Paper No. 1
Presentation Time: 8:30 AM
A TRANSGRESSIVE EVOLUTIONARY MODEL AND THE APPLICABILITY TO NEW ENGLAND BEACHES
Sprague Neck Bar is a 1.203 kilometer mixed sand and gravel, drift-aligned, recurved barrier spit attached to the western end of the Pond Ridge Moraine in eastern Maine. This system extends in a northeast direction in central Machias Bay. An initial hypothesis for the evolution of Sprague Neck Bar was the stepwise retreat model (Boyd et al., 1987) proposed for southern Nova Scotia, and often applied to New England beaches. This model requires discrete sediment sources (drumlins, moraines) and headland anchor points. As the sources are depleted during rising sea level, the system migrates landward episodically. The hypothesis placed Sprague Neck Bar in the barrier genesis and progradation stage, with the eroding Pond Ridge Moraine as the main source and anchor point.

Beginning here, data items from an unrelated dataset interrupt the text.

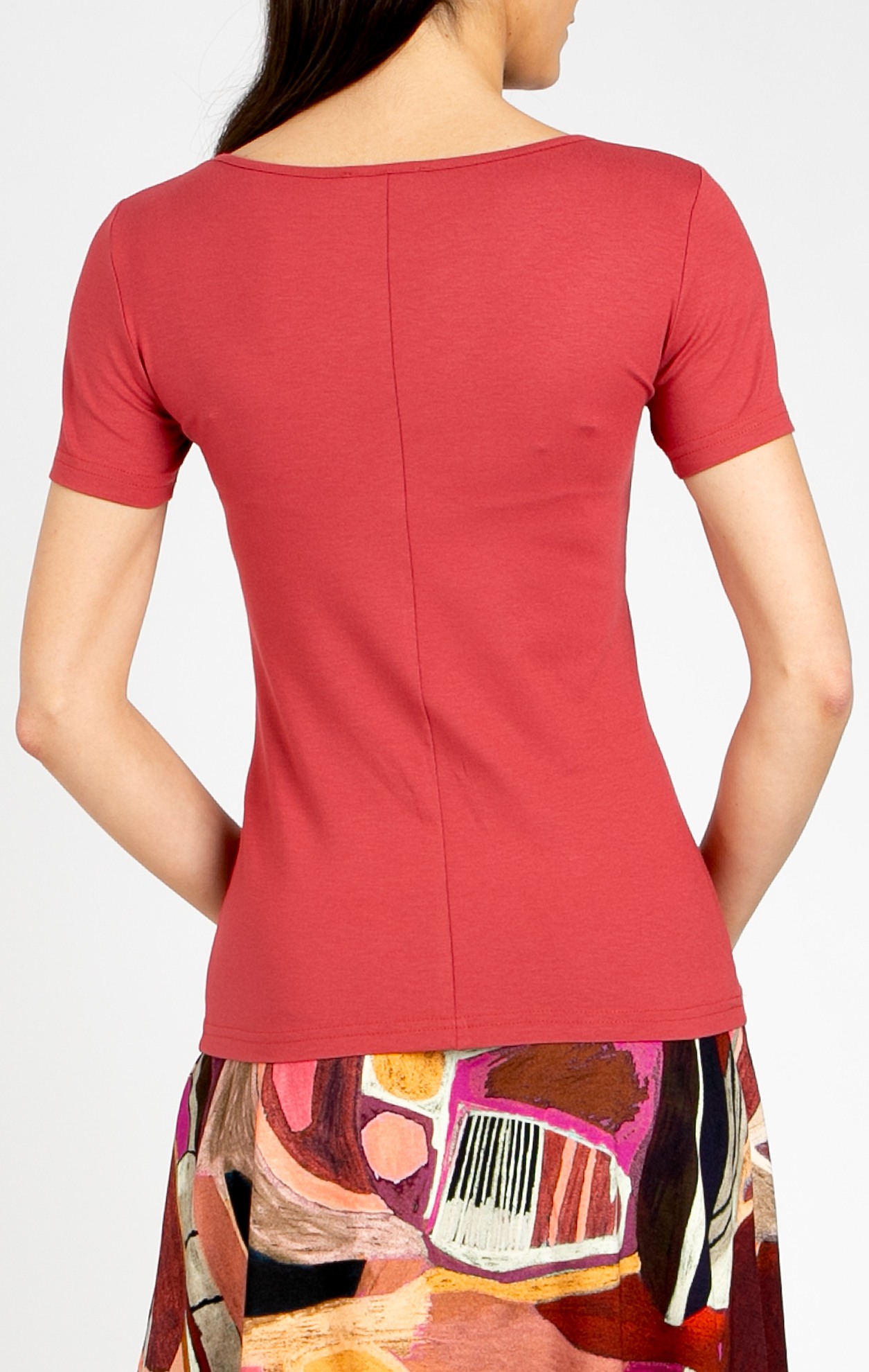 Вталена блуза с къс ръкав в цвят Cranberry. Моделът е с отворено обло деколте завършено с бие, къс ръкав и малко метално лого с формата на сърце.. Блузата е изработена от меко трико и приляга нежно по тялото. Удобна блуза за ежедневието и офиса, която лесно може да комбинирате с различни модели поли и панталони.
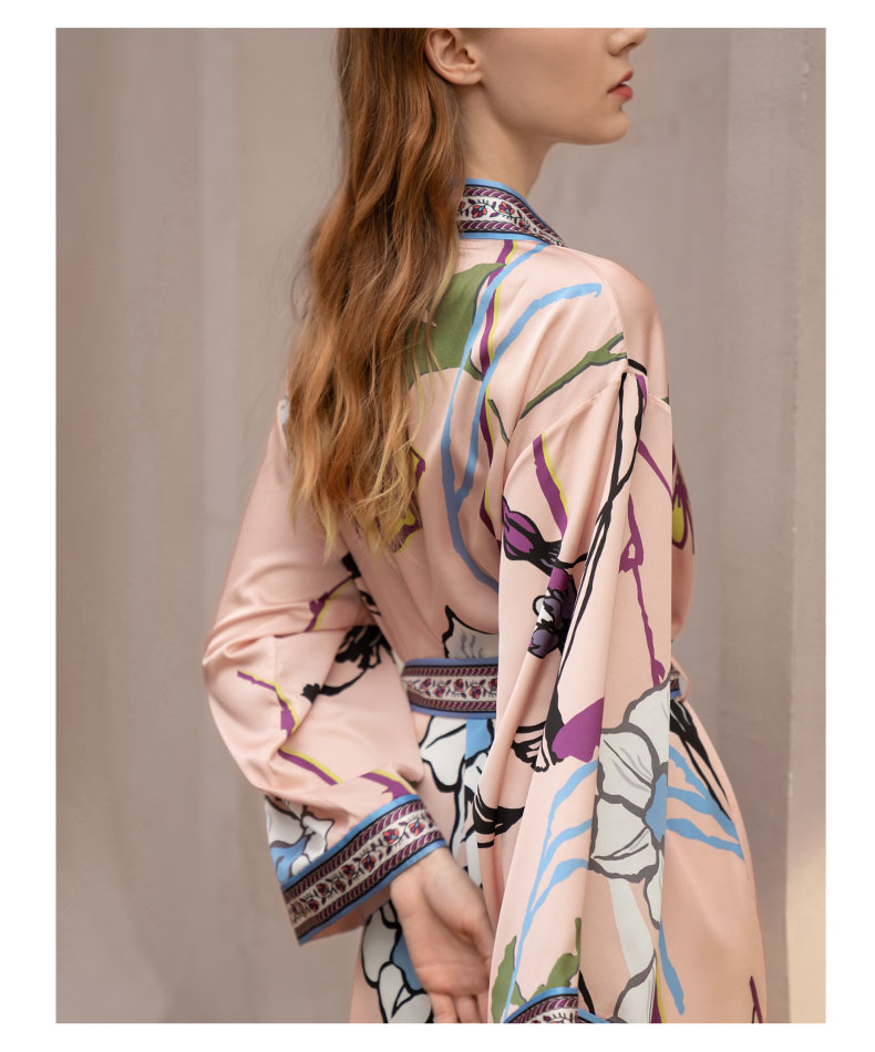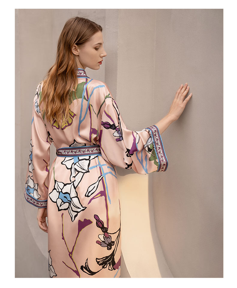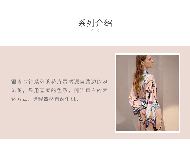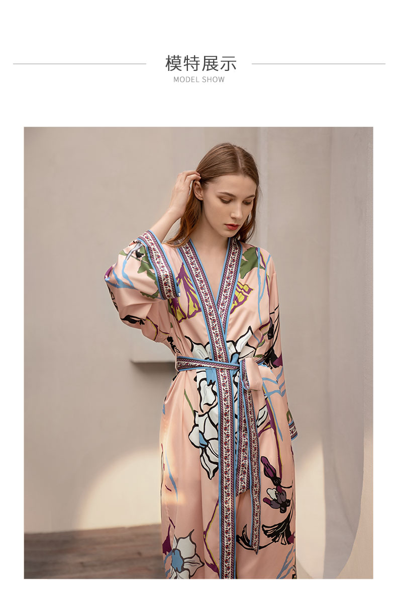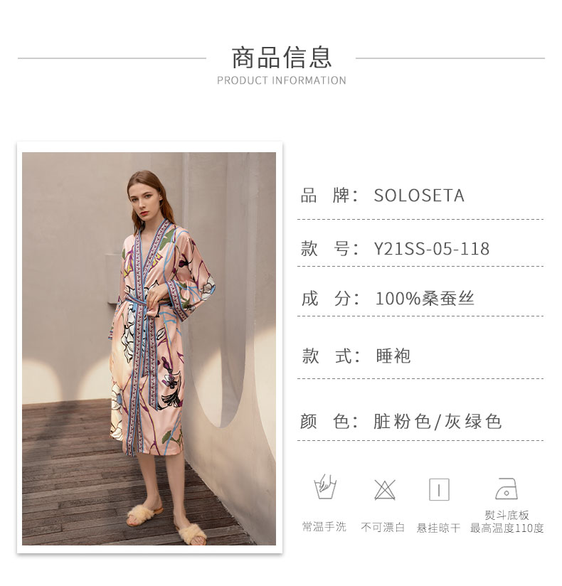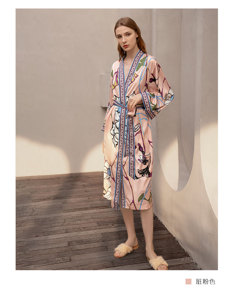 Solo seta真丝睡袍睡衣桑蚕丝家居服女长款粉色印花丝绸秋冬
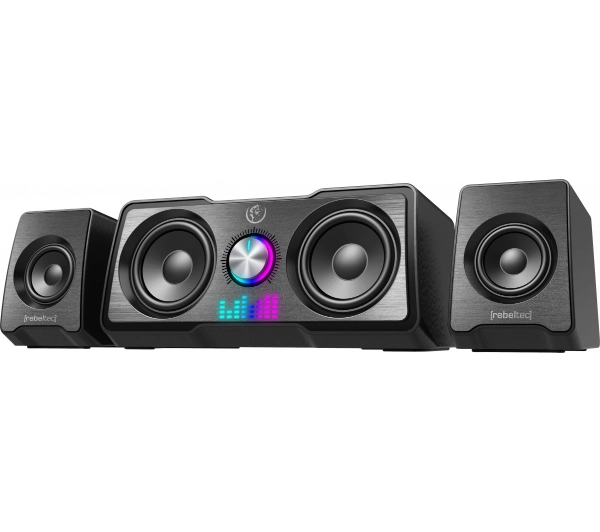 W zestawie znajdują się 2 głośniki oraz subwoofer (głośnik odpowiedzialny za niskie dźwięki). Rozmieść je po obu stronach komputera i zanurz się w pełnym, przestrzennym dźwięku najwyższej jakości!
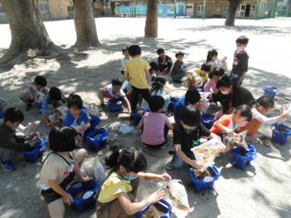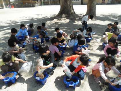 アサガオのたねをまくじゅんびをしました。プランターにつちをいれてならしました。つぎのじかんいよいよたねをまきます。「たのしにだな」「つちがふかふかきもちいい」とかんそうをはっぴょうしていました。
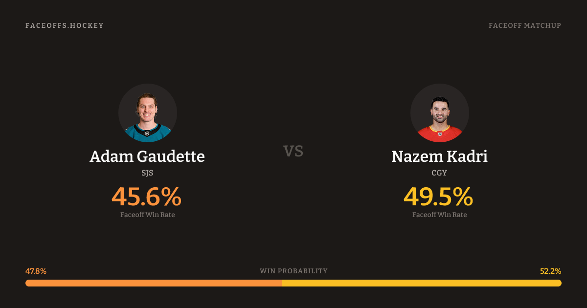 Adam Gaudette vs Nazem Kadri — Faceoff Head-to-Head
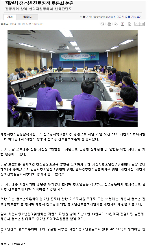 Á¦Ãµ½Ã û¼Ò³â Áø·ÎÁ¤Ã¥ Åä·Ðȸ ´«±æ

Examination of Sprague Neck Bar involved Total Station surveying, ground penetrating radar, current meters, sediment sampling, and analysis of historical charts and aerial photographs. Sprague Neck Bar apparently derives sediment from many, small washboard moraines oriented perpendicular to the barrier spit, not directly from the Pond Ridge Moraine. Dominant wind and wave directions are from the northwest and southwest. Sediment is carried by longshore transport to the north from the Pond Ridge Moraine. Wave refraction around the northern tip results in longshore drift on the recurves to the southeast and south. The recurve system forms a broad flat with evidence for northward and eastward spit growth. The southern portion of the spit is narrow and has experienced overwash. Comparison of maps and aerial photographs shows little change since 1776, indicating Sprague Neck Bar is a stable system in a phase of self-regulation that has not changed within historic times. Thus, Sprague Neck Bar is not a clear example of the stepwise-retreat model.